What is needed. Exact copy, pictures excluded: please retype every record below.

• • •

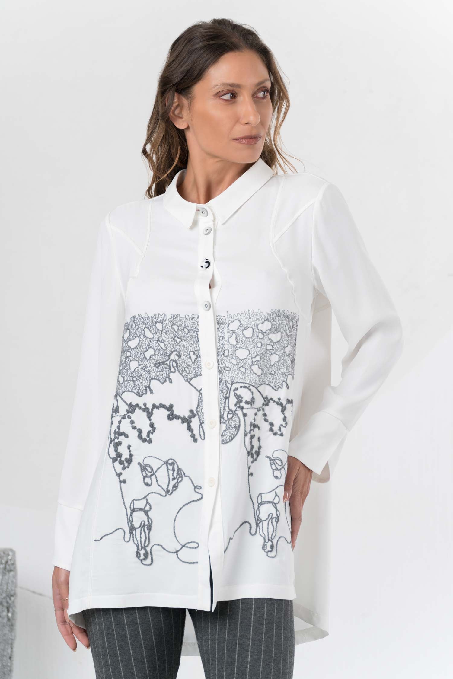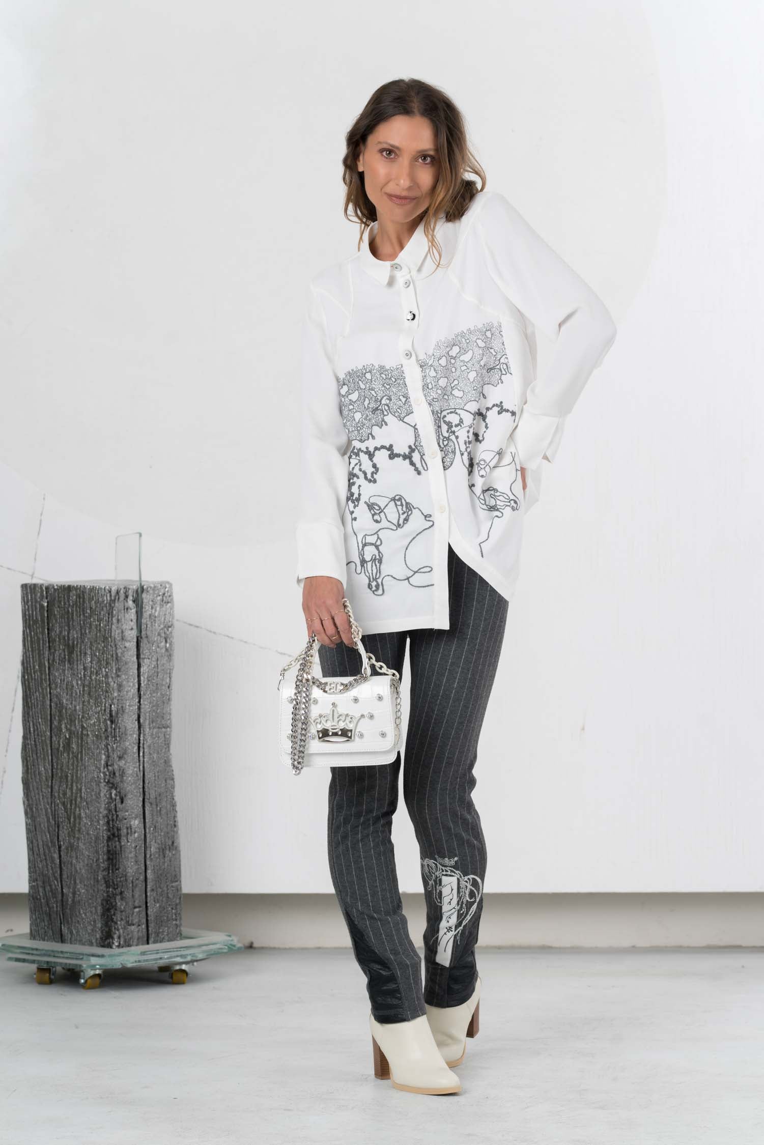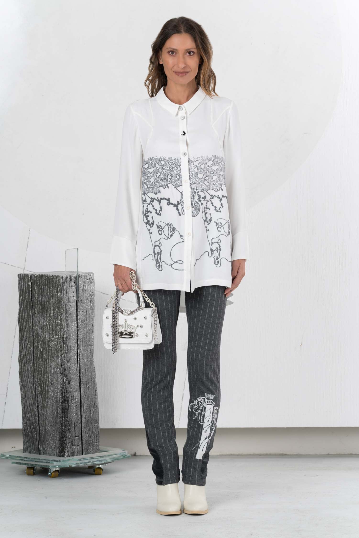 Die Bluse Incontro besticht durch ihr stilvolles Design in klassischem Weiß, das durch einen kontrastreichen schwarzen Aufdruck elegant ergänzt wird. Dieses Modell vereint zeitlose Eleganz mit moderner Raffinesse und eignet sich ideal für anspruchsvolle Looks im Alltag oder besonderen Anlässen. Hochwertige Verarbeitung garantiert Komfort und Langlebigkeit.
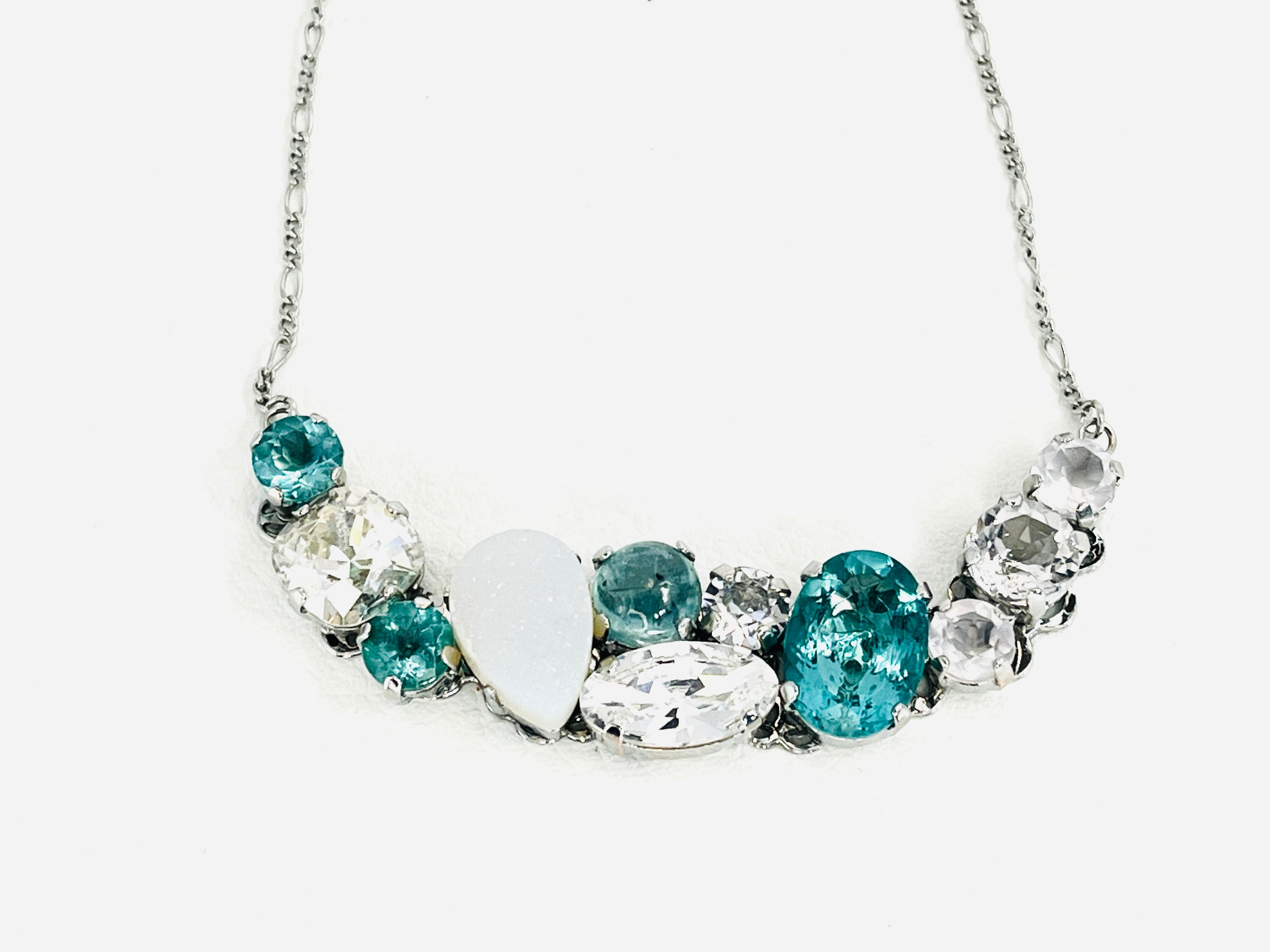 ヴィンテージに見られるクラスタータイプのアクセサリーをイメージして現代のお洋服にも合わせられるように意識しつつ、カラーテーマに沿ってグラスストーンを配置しています。
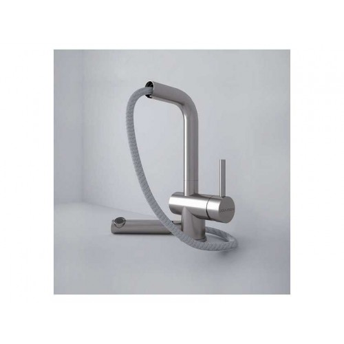 Конструкция смесителя с вытяжным шлангом значительно облегчает процесс мойки посуды или продуктов любого размера и формы.
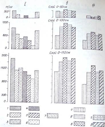 По массовым определениям объемного веса и карбонатов исчислены их запасы (в т/га) в отдельных слоях ряда подтипов чернозёмов (рис.2). Из зональных подтипов они занимают первое место по запасам карбонатов в слоях 0,5, 1 и 1,5 м; лишь черноземы солонцеватые (переходный подтип) перекрывают их. Сопоставим по послойным запасам СаС03 черноземы карбонатные и обыкновенные, стоящие в эволюционном ряду на следующем месте. В слое 0,5 м отмечено подтиповое диагностическое различие обеих почв, которое сохраняется в метровой и даже полутораметровой толще. Из этого следует, что проходит или происходило в прошлом не только перераспределение карбонатов в ее пределах, но и частичный их вынос в более глубокие слои.
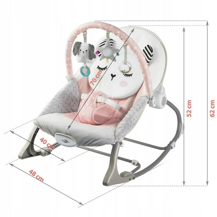 Шезлонг был оснащен съемным оголовьем с прикрепленными шуршащими игрушками.. Они будут развлекать вашего ребенка, пока вы можете расслабиться. Эти уникальные игрушки стимулируют зрение и развивают чувство осязания.
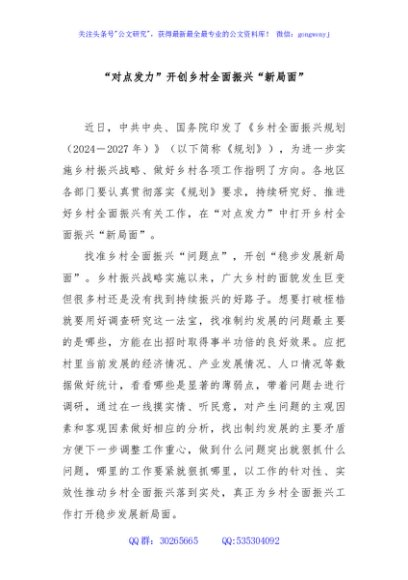 / “对点发力”开创乡村全面振兴“新局面”
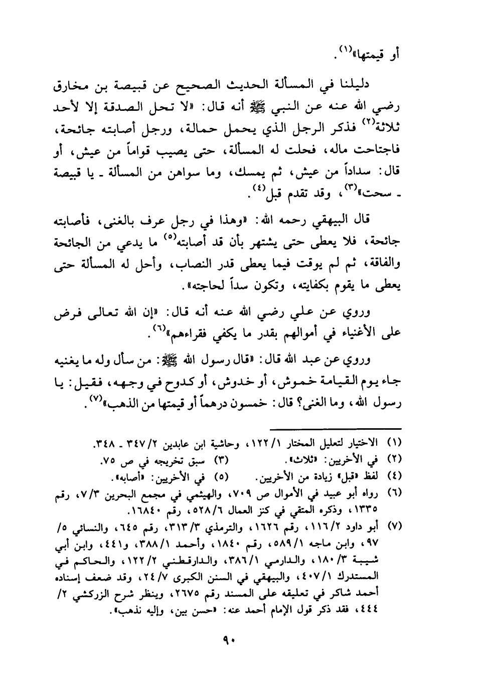 وَرُوِيَ عَن عبد الله قَالَ: " قَالَ رَسُول الله - صَلَّى اللَّهُ عَلَيْهِ وَسَلَّم َ -: من سَأَلَ وَله مَا يُغْنِيه جَاءَ يَوْم الْقِيَامَة خموش، أَو خدوش، أَو كدوح فِي وَجهه، فَقيل: يَا رَسُول الله، وَمَا الْغنى؟ قَالَ: خَمْسُونَ درهما أَو قيمتهَا من الذَّهَب ".
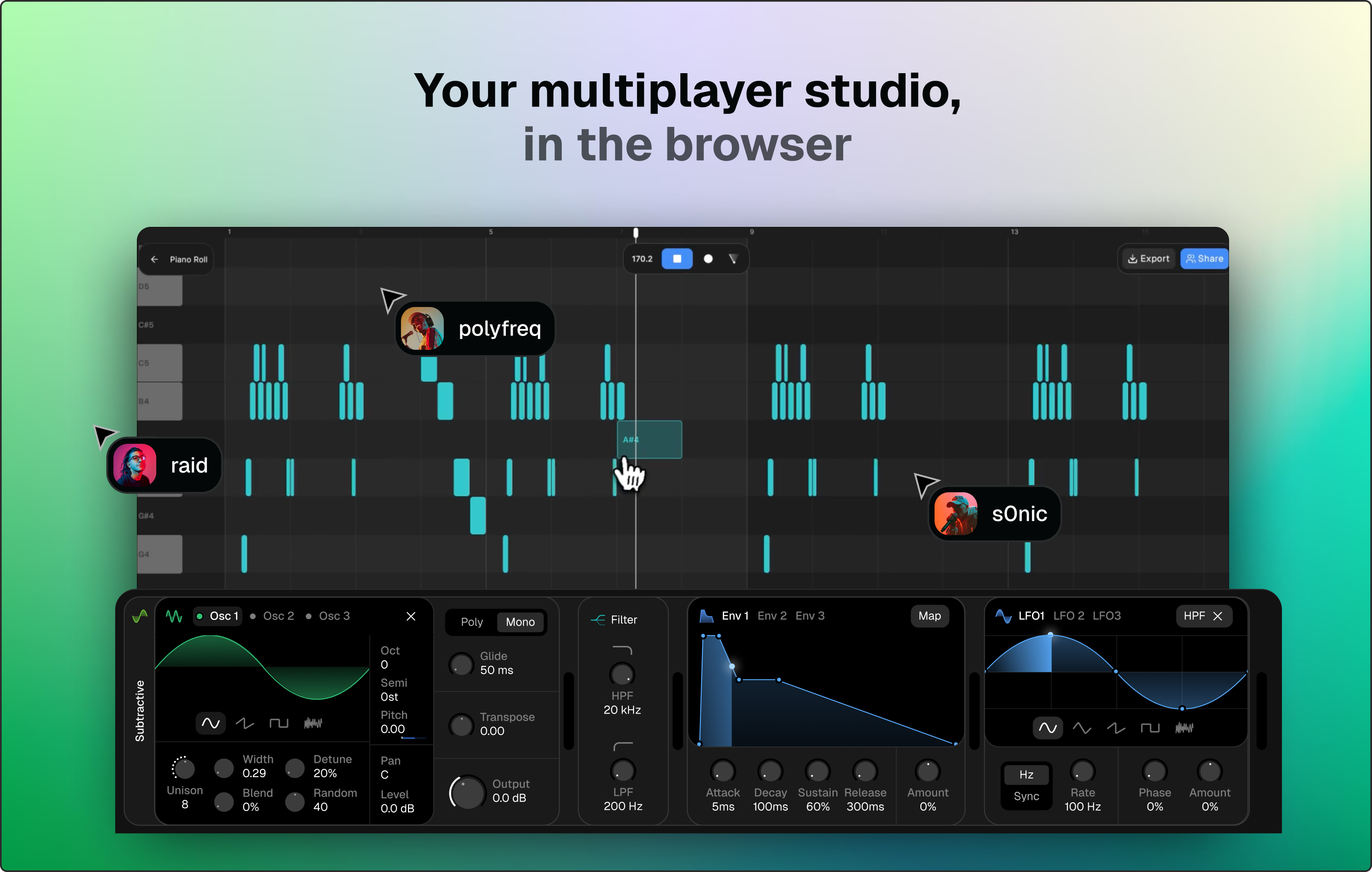 Analog synths and more — all built into your browser and ready for collaboration.
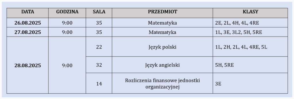 • Terminy konsultacji przed egzaminami poprawkowymi
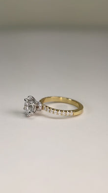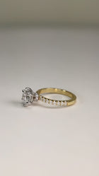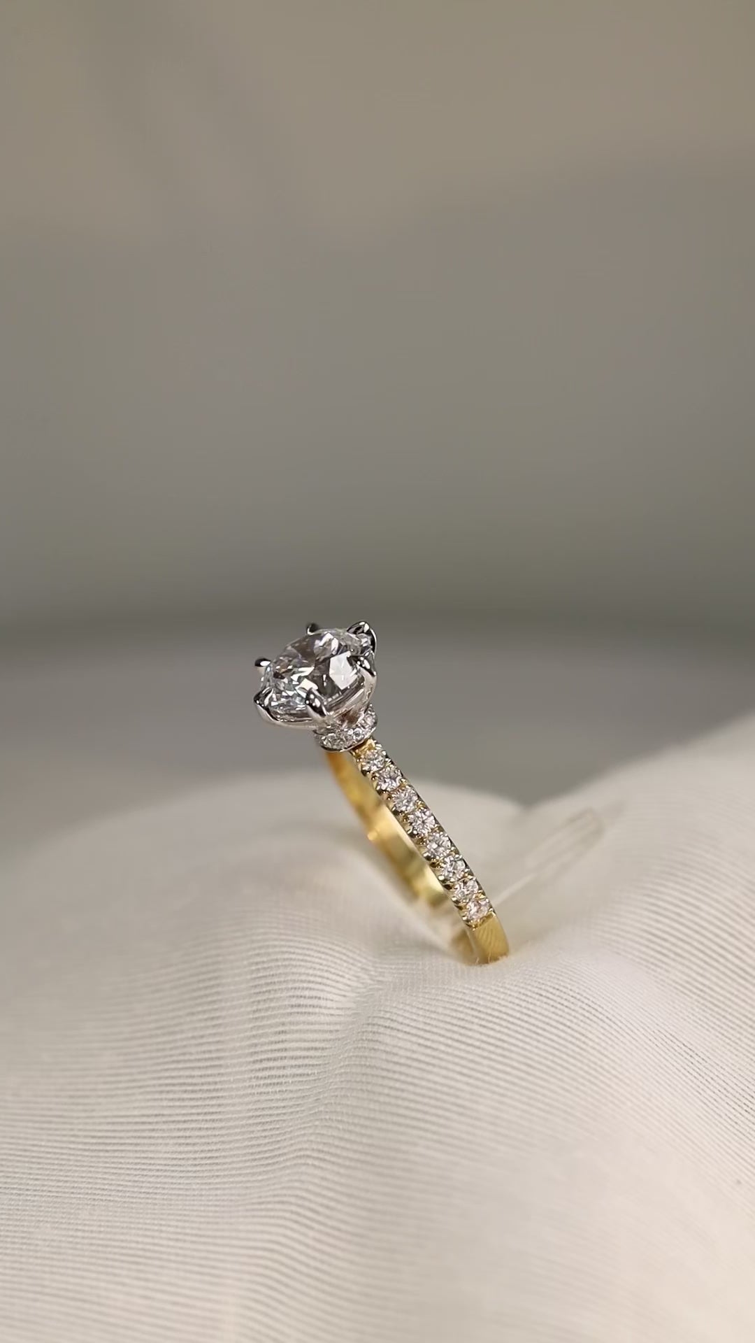 This luxurious custom-made setting features a stunning 18kt yellow gold band and radiant white gold claws, all carefully crafted with a bright polish finish. This piece showcases the finest in jewelry design and will make a sophisticated and exclusive statement.

• • •

Task result.
 Die Bluse Incontro besticht durch ihr stilvolles Design in klassischem Weiß, das durch einen kontrastreichen schwarzen Aufdruck elegant ergänzt wird. Dieses Modell vereint zeitlose Eleganz mit moderner Raffinesse und eignet sich ideal für anspruchsvolle Looks im Alltag oder besonderen Anlässen. Hochwertige Verarbeitung garantiert Komfort und Langlebigkeit.
 ヴィンテージに見られるクラスタータイプのアクセサリーをイメージして現代のお洋服にも合わせられるように意識しつつ、カラーテーマに沿ってグラスストーンを配置しています。
 Конструкция смесителя с вытяжным шлангом значительно облегчает процесс мойки посуды или продуктов любого размера и формы.
 По массовым определениям объемного веса и карбонатов исчислены их запасы (в т/га) в отдельных слоях ряда подтипов чернозёмов (рис.2). Из зональных подтипов они занимают первое место по запасам карбонатов в слоях 0,5, 1 и 1,5 м; лишь черноземы солонцеватые (переходный подтип) перекрывают их. Сопоставим по послойным запасам СаС03 черноземы карбонатные и обыкновенные, стоящие в эволюционном ряду на следующем месте. В слое 0,5 м отмечено подтиповое диагностическое различие обеих почв, которое сохраняется в метровой и даже полутораметровой толще. Из этого следует, что проходит или происходило в прошлом не только перераспределение карбонатов в ее пределах, но и частичный их вынос в более глубокие слои.
 Шезлонг был оснащен съемным оголовьем с прикрепленными шуршащими игрушками.. Они будут развлекать вашего ребенка, пока вы можете расслабиться. Эти уникальные игрушки стимулируют зрение и развивают чувство осязания.
 / “对点发力”开创乡村全面振兴“新局面”
 وَرُوِيَ عَن عبد الله قَالَ: " قَالَ رَسُول الله - صَلَّى اللَّهُ عَلَيْهِ وَسَلَّم َ -: من سَأَلَ وَله مَا يُغْنِيه جَاءَ يَوْم الْقِيَامَة خموش، أَو خدوش، أَو كدوح فِي وَجهه، فَقيل: يَا رَسُول الله، وَمَا الْغنى؟ قَالَ: خَمْسُونَ درهما أَو قيمتهَا من الذَّهَب ".
 Analog synths and more — all built into your browser and ready for collaboration.
 • Terminy konsultacji przed egzaminami poprawkowymi
 This luxurious custom-made setting features a stunning 18kt yellow gold band and radiant white gold claws, all carefully crafted with a bright polish finish. This piece showcases the finest in jewelry design and will make a sophisticated and exclusive statement.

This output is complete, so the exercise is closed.